TTX Filter

From Okapi Framework
Revision as of 17:31, 13 October 2011 by Ysavourel (talk | contribs) (→‎Parameters)
(diff) ← Older revision | Latest revision (diff) | Newer revision → (diff)
Jump to navigation Jump to search

Overview

The TTX Filter is an Okapi component that implements the IFilter interface for Trados TTX documents. TTX is an XML-based bilingual format used by some of the versions of the Trados tools, and supported by several other tools. There are no official public specifications available.

Processing Details

Input Encoding

The filter decides which encoding to use for the input document using the following logic:

  • If the document has an encoding declaration it is used.
  • Otherwise, UTF-8 is used as the default encoding (regardless the actual default encoding that was specified when opening the document).

Output Encoding

If the output encoding is UTF-8:

  • If the input encoding was also UTF-8, a Byte-Order-Mark is used for the output document only if one was detected in the input document.
  • If the input encoding was not UTF-8, no Byte-Order-Mark is used in the output document.

Line-Breaks

The type of line-breaks of the output is the same as the one of the original input.

Segmentation

TTX is a format where the target text cannot be represented if the text is not segmented. Thus, the output of the filter includes any new <Tu> and <<Tuv> needed.

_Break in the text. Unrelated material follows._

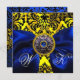 INVITATION RUBAN BLEU OR JAUNE NOIR DAMAS MONOGRAMME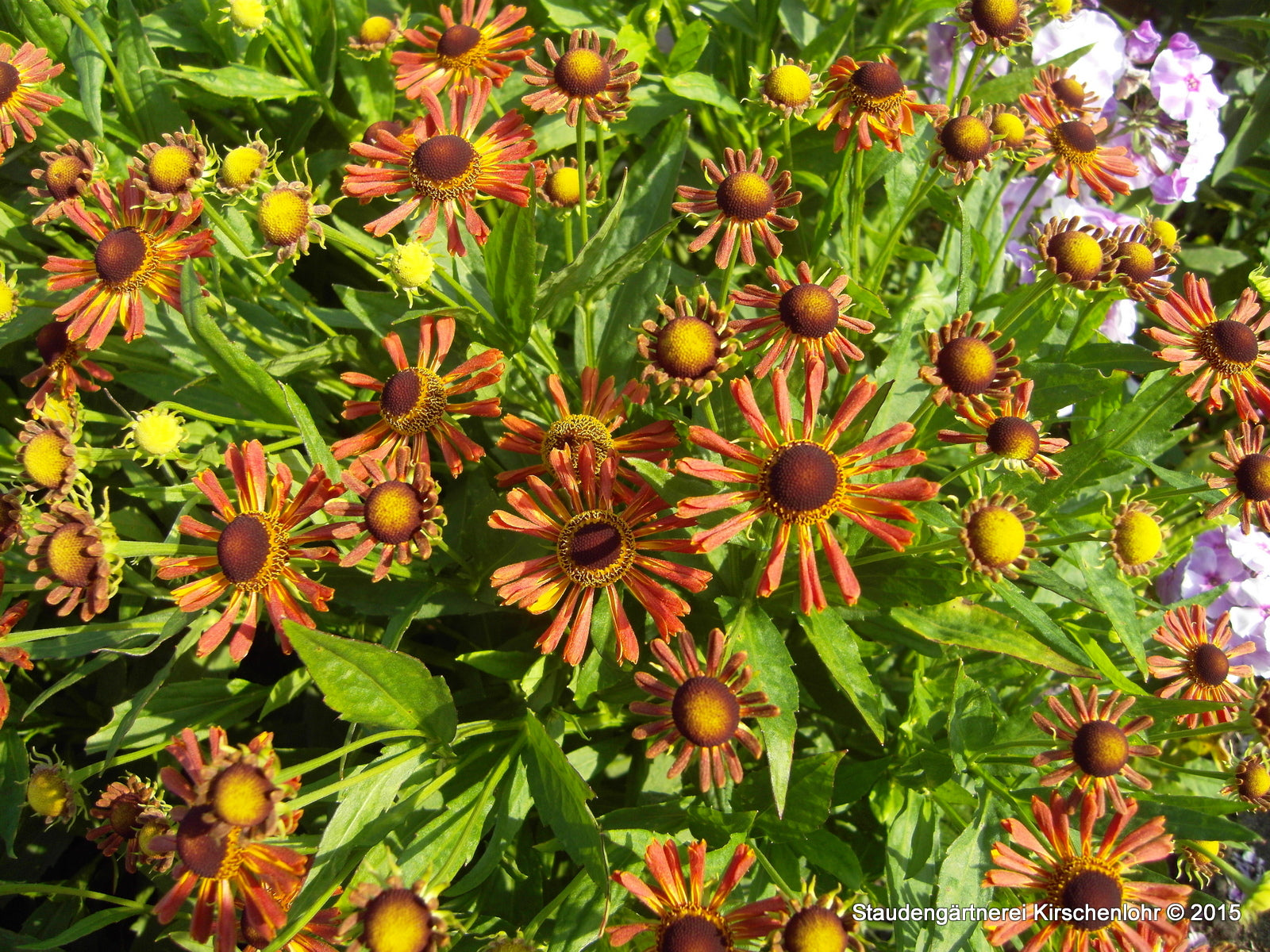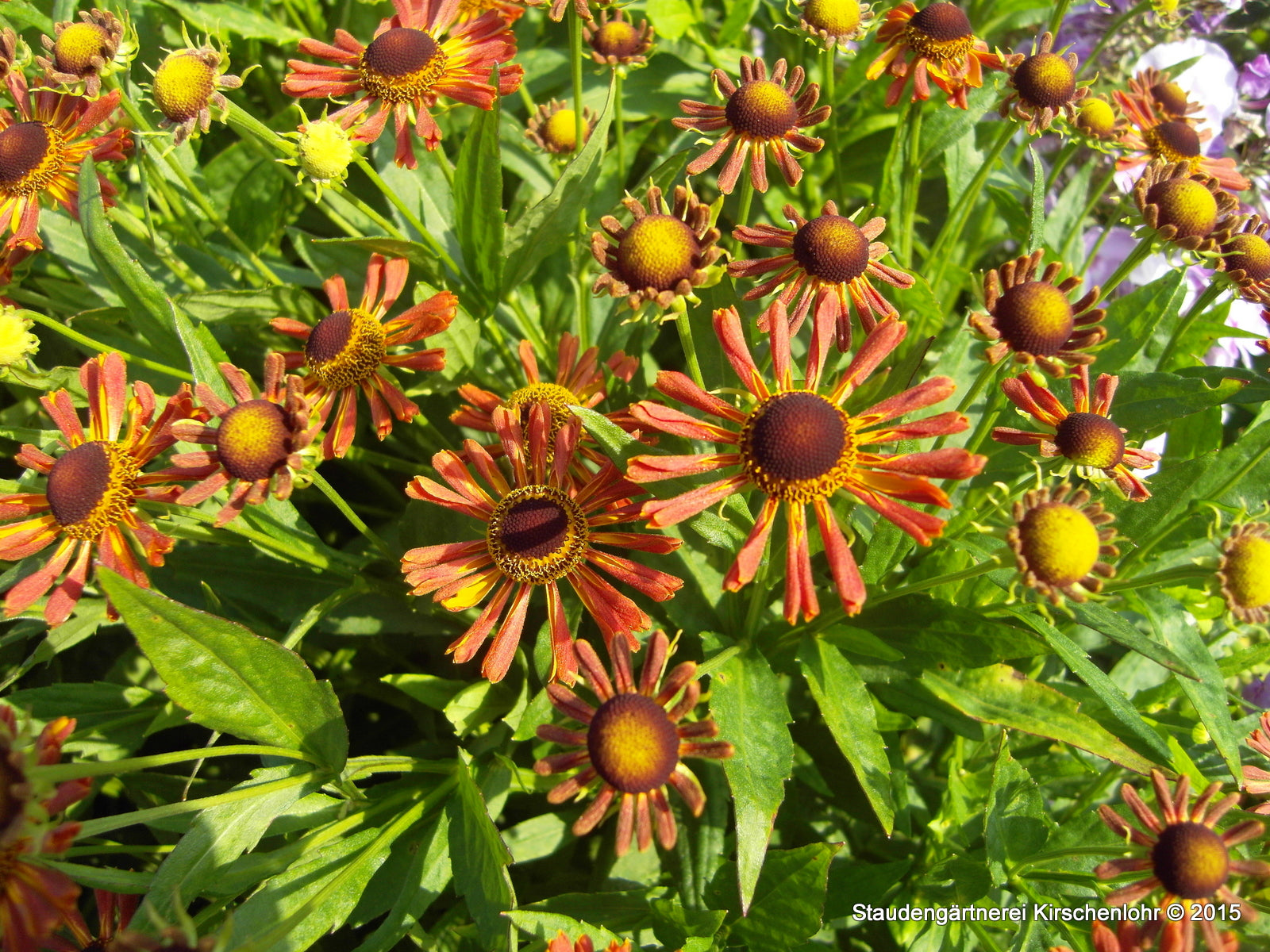 Am Rand nach oben gebogene, kupferbraune Blütenblätter; die Innenseite ist gelb. Zwischen den Blütenblättern ensteht so ein deutlicher Abstand. Interessant! Sehr reichblütig und sehr gute Blütenschmuckwirkung.

In auto-detection mode, the filter tries to detect if the file has at least one existing segment. If one existing segment is detected only the text in the existing segments are extracted (mode 1). If no segment is detected all text is extracted (mode 2).

You can also choose to force to extract only the text in existing segments, or to force to extract all text, whether it is segmented or not.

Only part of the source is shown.